/sci/ - Science & Math

P=NP

tfw can't solve this

n for n =4,5,6,7...

>>11201209
x,y,z={5,4,1,-4,-5}

n=igger

>>11201209
n is for niggers

what are x y and z? why do they say what n is but not x y and z?

retarded OP

>>11201344
The point is that you don't need to know this.

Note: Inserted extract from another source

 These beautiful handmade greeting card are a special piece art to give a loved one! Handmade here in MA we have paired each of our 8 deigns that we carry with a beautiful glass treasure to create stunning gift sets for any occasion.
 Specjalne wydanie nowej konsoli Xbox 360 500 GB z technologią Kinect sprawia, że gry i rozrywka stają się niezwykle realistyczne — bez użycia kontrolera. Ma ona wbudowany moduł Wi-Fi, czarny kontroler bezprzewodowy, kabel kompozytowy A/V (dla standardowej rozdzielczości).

For example

[eqn]x^4 + y^4 + z^4 = \frac{(x+y+z)^4 - 6 (x+y+z)^2 (x^2+y^2+z^2) + 3 (x^2+y^2+z^2)^2 + 8 (x+y+z)(x^3+y^3+z^3)}{6} = \frac{1 - 12 + 12 + 24}{6} = \frac{25}{6}
[/eqn]

>>11201357

you are retarded. x y and z could be complex numbers
that's the whole point of mathematical structures lol to make sure you know what oyu are dealing with
and you niggers are just writing shit

x^5+y^5+z^5=6

>>11201209
[math]x^n+y^n+z^n=n[/math]

Quite easy to be honest

There should be a general formula that, when given fixed values for the sum of the first n powers of n variables
x_1 + x_2 + ... + x_n,
x_1^2 + x_2^2 + ... + x_n^2,
...
x_1^n + x_2^n + ... + x_n^n,
tells you what the sum of the higher powers are.

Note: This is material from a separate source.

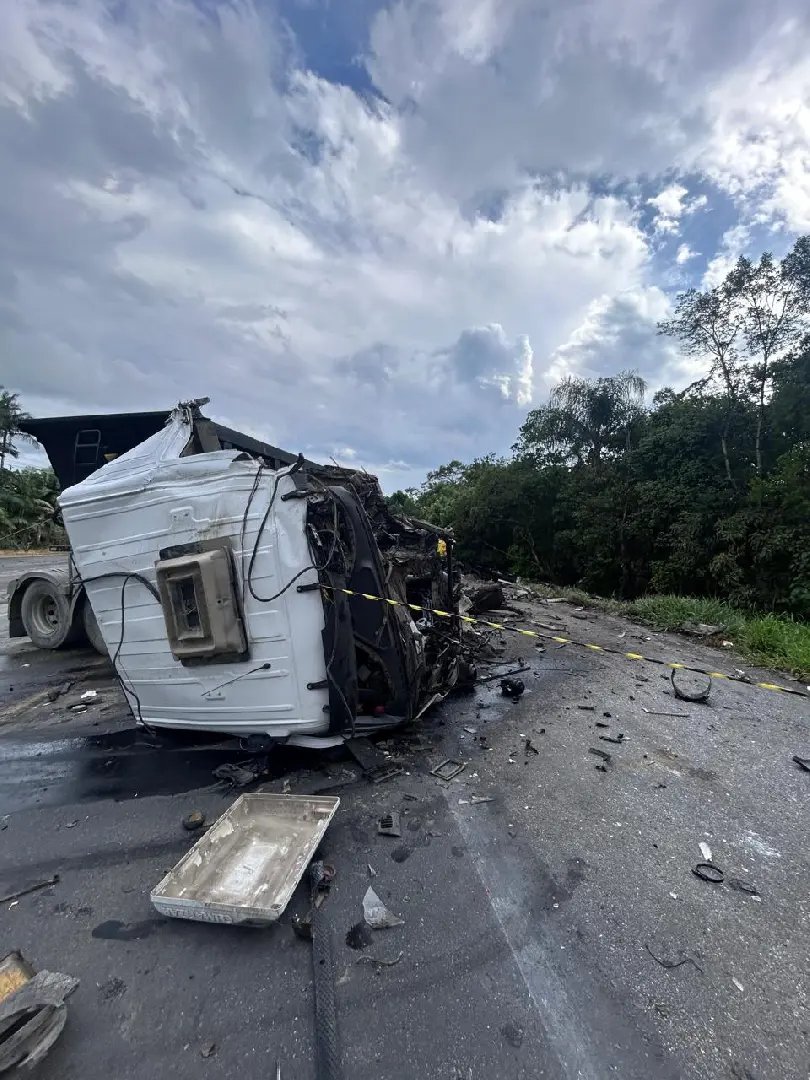 Um grave acidente entre dois veículos pesados terminou com uma pessoa morta e interditou a rodovia por várias horas. O acidente envolveu uma carreta de nove eixos e um caminhão caçamba e foi registrado na tarde desta segunda-feira (2), na SC-416, km 3, em Garuva.
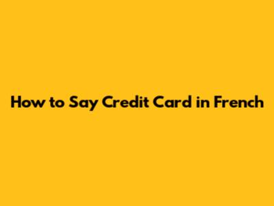 How To Say 'Credit Card' In French

It probably involves some ugly-looking matrix.

>>11201344
>>11201372
holy shit you're retarded

>>11201742
>>11201357
Nice post, anon~

N = (x + y + z) n

>>11201237
>>11201223
>>11201278
>>11201340
>>11201372
>>11201717
>>11202454
Haha sadboi brainlet cope

4
You're welcome for the 4

>>11202540
Reta r

6

>>11201209
ill top you stupid shit
[eqn]\displaystyle \sum_{n=1}^{N} n^3 = \Bigg( \displaystyle \sum_{n=1}^{N} n \Bigg)^2[eqn]

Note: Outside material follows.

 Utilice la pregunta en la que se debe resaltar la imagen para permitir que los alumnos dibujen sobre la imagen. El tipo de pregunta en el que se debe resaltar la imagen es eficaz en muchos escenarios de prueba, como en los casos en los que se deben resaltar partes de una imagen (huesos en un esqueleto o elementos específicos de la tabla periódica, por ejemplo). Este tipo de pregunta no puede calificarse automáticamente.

now prove the above statement.

>>11202737
>[eqn]\displaystyle \sum_{n=1}^{N} n^3 = \Bigg( \displaystyle \sum_{n=1}^{N} n \Bigg)^2[/eqn]

forgot slash

>>11202540
>>11202540
You mad cuz it's true.

>>11202737
If you're gonna post a literal freshman algebra problem at least don't fuck up the [math]\LaTeX[/math].

>>11201209
You can just compute the trace of X^n where X is the 3x3 diagonal with x,y,z on the diagonal.
Computing the characteristic polynomial of X gives X^3 - X^2 - X/2 - 1/6.
Solving X^3 - X^2 - X/2 - 1/6 = 0 will give x,y,z.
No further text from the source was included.